Increasing evidence supports the notion that CD8 T cells play pivotal roles in controlling Mtb infection through TCR-mediated cytotoxicity via granzymes (Kamath et al., 2004; Lewinsohn et al., 2003; Woodworth et al., 2008). A previous study demonstrated that GZMB can kill Mtb directly in the presence of granulysin, via multiple mechanisms (Dotiwala et al., 2017). In our study, we observed that heterogeneous CD8 T cell subsets in the PF displayed different phenotypes from those observed in the blood. Of note, clonally expanded CD8 subsets (CD8_C03, CD8_C05, and CD8_C06) in the PF expressed high levels of GZMK but low levels of GZMB. The preferential accumulation of GZMK-expressing CD8 T cells in the PF but not peripheral blood samples from patients with TPE, suggesting a locally induced differentiation process (at the very least, GZMK is up-regulated at the site of infection) possibly depending on TCR triggering, as we demonstrated that GZMK was induced in CD8 T cells upon anti-CD3/CD28 stimulation in vitro. Indirect support for this model comes from our observation that most clonotypes in these cells (based on scTCR-seq data) were exclusively observed in the PF, which is likely a result of local T cell proliferation and activation in PF rather than migration from the blood. This finding suggests an impact of the PF environment on the development of GZMK-expressing CD8 T cells, conceivably reflecting the differential availability of antigens or tissue factors or bacteria in the blood and PF.

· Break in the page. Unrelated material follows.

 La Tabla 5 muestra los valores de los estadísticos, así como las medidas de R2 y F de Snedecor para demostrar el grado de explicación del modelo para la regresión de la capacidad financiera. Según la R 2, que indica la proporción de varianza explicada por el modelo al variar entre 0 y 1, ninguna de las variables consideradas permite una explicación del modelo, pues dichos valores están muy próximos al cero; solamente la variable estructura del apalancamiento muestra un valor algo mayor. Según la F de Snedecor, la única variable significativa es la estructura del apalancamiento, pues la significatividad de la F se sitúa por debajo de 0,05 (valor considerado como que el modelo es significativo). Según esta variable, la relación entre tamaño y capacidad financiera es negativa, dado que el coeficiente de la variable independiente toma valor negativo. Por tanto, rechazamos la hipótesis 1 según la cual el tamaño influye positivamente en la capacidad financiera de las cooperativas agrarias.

Several recent studies have also observed a GZMK-expressing CD8 T subset in human tumors and aging individuals by using scRNA sequencing (Zheng et al., 2017; Guo et al., 2018; Zhang et al., 2018; Li et al., 2019; Mogilenko et al., 2021). Those GZMK-expressing CD8 T cells also express low levels of GZMB. GZMK-expressing CD8 T cells were shown to be enriched in tumor lesion sites and adjacent nontumorous mucosa (Zhang et al., 2018; Zheng et al., 2017). GZMK-expressing CD8 T cells have been reported to accumulate in tissues due to aging and contribute to the inflammatory response through the secretion of GZMK (Mogilenko et al., 2021). Based on our trajectory and TCR lineage results, GZMK-expressing CD8 T cells in TPE represent a late developmental stage with cytotoxic capability (based on the expression of PRF1). Our data demonstrated that purified GZMK has cytotoxic and bactericidal activity in Mtb-infected macrophages. Thus, the enrichment of GZMK-expressing CD8 T cells in PF may represent an active tissue-specific effector mechanism mediating tissue inflammation and provide a backup for the loss of GZMB-expressing cells at the site of Mtb infection. However, we cannot rule out the possibility that GZMK-expressing CD8 T cells promote immunopathology, as GZMK has the ability to induce macrophage cell death and increase the inflammatory response (Mogilenko et al., 2021; Turner et al., 2019), both of which could result in tissue damage in TB. Therefore, defining the exact role that GZMK-expressing CD8 T cells play during the course of TB disease warrants further investigation.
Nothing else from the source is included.